At the same time, the Nazi threats of punishment for anyone, Jewish or gentile, who harbored Jews, made their efforts to find shelter considerably more difficult. Even the suspicion that Roman and his mother might be Jews prompted more than a few families to turn they away without explanation. There’s a particularly horrifying moment where Roman and his mother, unable to find shelter for the night, sleep in the forest … until a pack of hungry wolves surround them, and they spend the night screaming at the wolves trying to ward them off.

“Hanging Hitler’s Long Johns” is not an easy read. In the very straightforward, matter-of-fact that Roman recounts his experiences during the war, it paints an abominable portrait of just how cruel and vicious people can be toward one another in extreme situations. The willingness to turn in others, whether motivated by greed or hatred, is overpowering. It’s scary to recall through this book has easily civility completely collapses.

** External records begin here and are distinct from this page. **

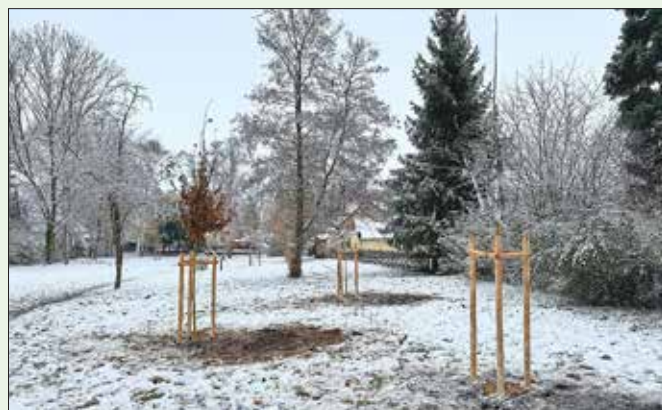
Drei neu gepflanzte Jubiläumsbäume im Mölbiser "Bürgerpark"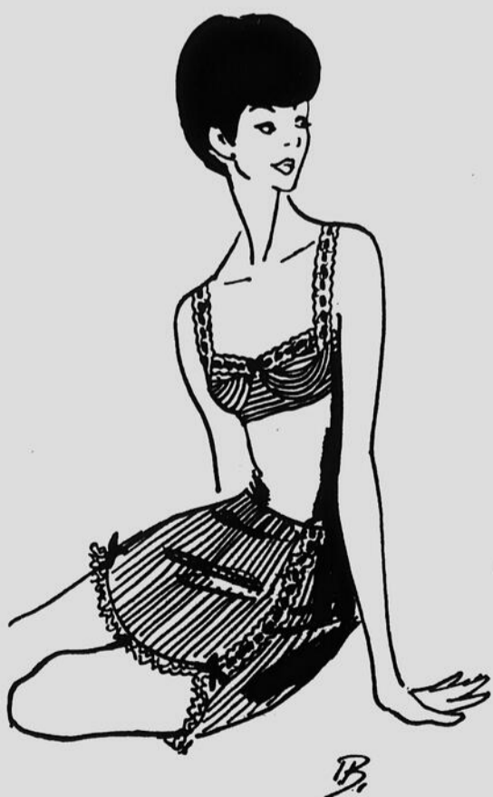
De Pierre Cardin, parure "pékin" 4 pièces en pékin blanc et noir, orné de dentelle à trous de satin noir garnissant toute la parure sauf le slip.

synthétique séduit par les facilités d'entretien qu'elle apporte. Le nylon est roi; heureusement, de nos jours, il sait prendre l'apparence de la dentelle, du voile, de la batiste, bref de tous ces tissus qui nous étaient chers.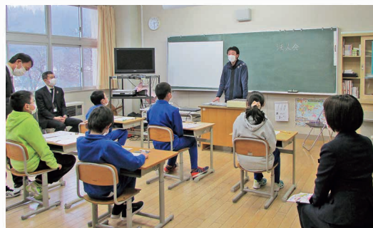
青年部会 租税教室の様子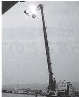
災害時に活躍する車両の見学

防災に関する知識を学んだり、中国地方に2輛しかない貴重な災害対策用の車両等を見学しました。防災士会の方に、災害に備えておくものや家具の倒壊防止の工夫など、ゲームを通して、楽しく教えていただきました。「防災ゲームがたのしかった。」「地震や火災が起きた時にどんな準備をしたら良いか分かった。」など、防災についてしっかり学んでいる姿が見られました。地域の防災活動などへの参加を期待しています！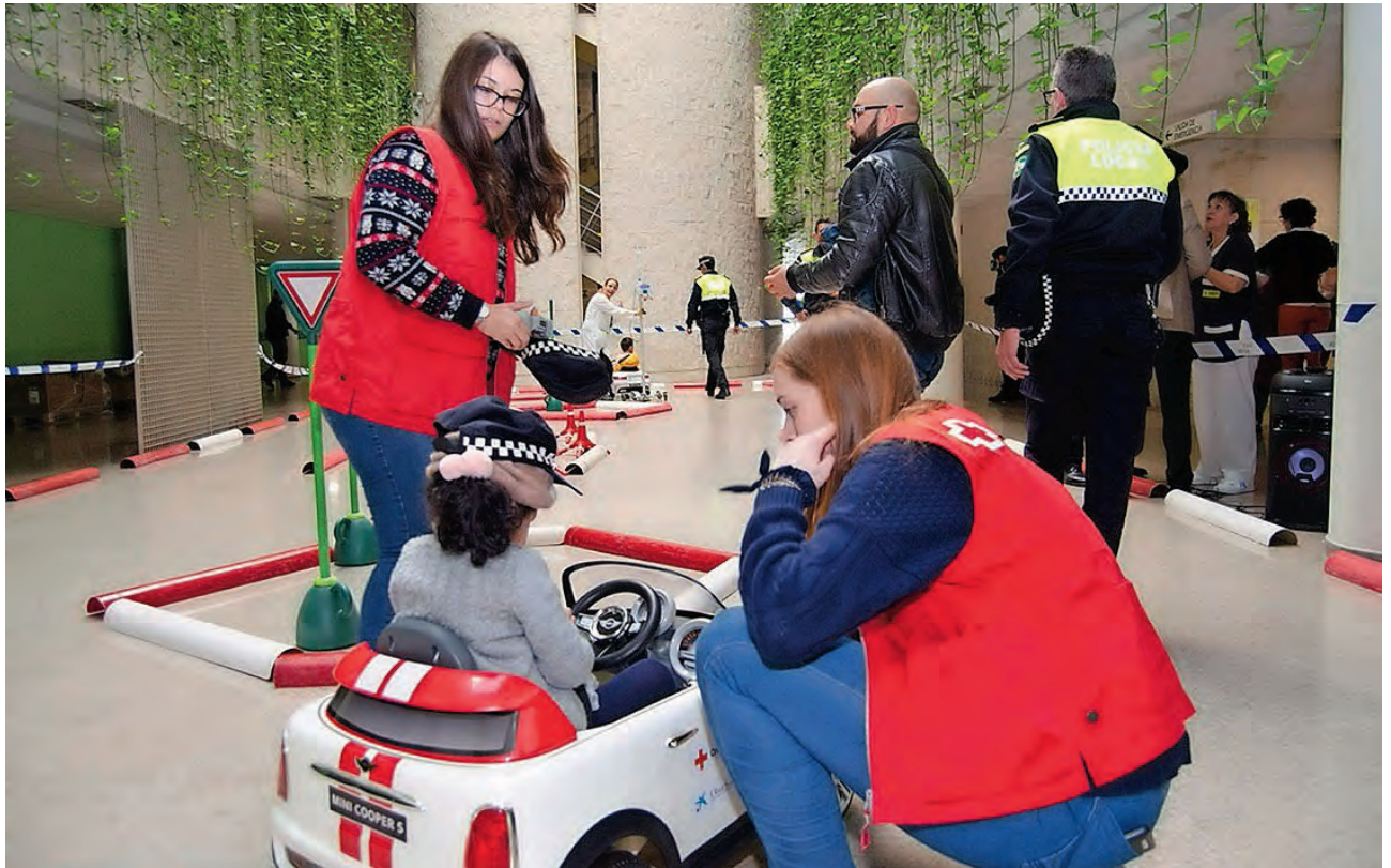
► Presentación del vehículo teledirigido en el Hospital Juan Ramón Jiménez, de Huelva.

On the other hand, Roman is a remarkable narrator. He has a fierce loyalty to his mother, expresses no great fear of death, and even describes the cute girls he meets along the way that he falls for. Imagine having a teen-age crush in the middle of of the Final Solution! Roman shows little interest in politics, and seems most determined to be given the freedom to get back to doing what he wants to do most: living with his family, and enjoying girls, sports, and other activities that boys love.

Throughout the book, Roman describes vividly how savage the Nazis were — but also how bad the Polish police, the Soviets, and even some American soldiers were at times. He also recounts the acts of kindness that enabled him to survive. In that sense, this is an inspiring book, and not a depressing one at all.

Those who have survived genocide, whether through the Holocaust or other attempts at mass murder, should do exactly what Roman did, and put their recollections down on paper. History desperately needs more memoirs like this one, so we’ll never forget.

But even as a memoir, as a historic nonfiction novel, as a snapshot of a devastating moment in time, “Hanging Hitler’s Long Johns” is a remarkable book by a very courageous survivor.

“Hanging Hitler’s Long Johns” is a 215-page book, published by Comteq Publishing, and is available in hardcover or as an eBook.